- Lockdown expected to slow down volumes for the quarter
- CAPEX for 2019 stood at ZWL236.4 million due to the continued refurbishment programme
- Revenue and profit for 2019 grew by 464% and 1 050% respectively
Harare – OK Zimbabwe anticipates a volumes decline in the first quarter to 30 June 2020 due to COVID-19 pandemic and economic depression.
In a statement accompanying the group’s financial results, OK Zimbabwe expects volume performance for the first quarter of the current financial year to significantly decline from prior comparable period last year.
According to the group, internally generated funds were adequate to fund working capital and capital expenditure requirements hence no borrowings were utilised in the year.
Capital expenditure for the year was ZWL $236.4 million, up from ZWL $25.8 million in prior year as the group continued with its refurbishment programme.

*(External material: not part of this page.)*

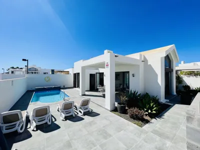 This modern and beautiful villa with 2 bedrooms (2x double), 1 ensuite bathroom with walk in shower and 1 family bathroom with shower over bath, full equipped kitchen and large lounge with leather sofa and dining table is a perfect base for your Holiday!Casa Angelita Y Pablo has a lovely and private garden with an electric heated pool, large terrace with sun beds and a large (covered) dining area with table.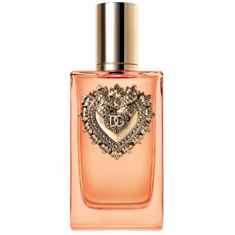 L'Eau de Parfum Intense Dolce&Gabbana Devotion est logée dans un flacon en verre teinté ambré vibrant magnifiquement orné du Sacré-Cœur, indéniablement symbolique.

For the year ended 31 March 2020, revenue for the group grew by 464% to ZWL $4,525.6 million from ZWL $801.9 million in prior year while profit after tax increased by 1,050% to ZWL $566.2 million from ZWL $49.2 million in prior year.
Overheads grew by 427%, 37 percentage points below growth in revenue with generator fuel costs for alternative power, electricity costs, maintenance costs and spares, bank charges and rentals being the major growth drivers.
The group also declared a final dividend of 9 ZWL cents per share is to be paid to the shareholders on or about 3 July 2020.
The group added that the final dividend brought the total dividend declared for the year to 13 ZWL cents per share.
On the outlook, the group alluded that the COVID-19 pandemic has disrupted supply chains, hence the group will work closely with suppliers to ensure adequate product supply.
Ok Zimbabwe also said hyperinflation and a constrained sales performance make cost control a key area of focus for management in order to protect margins.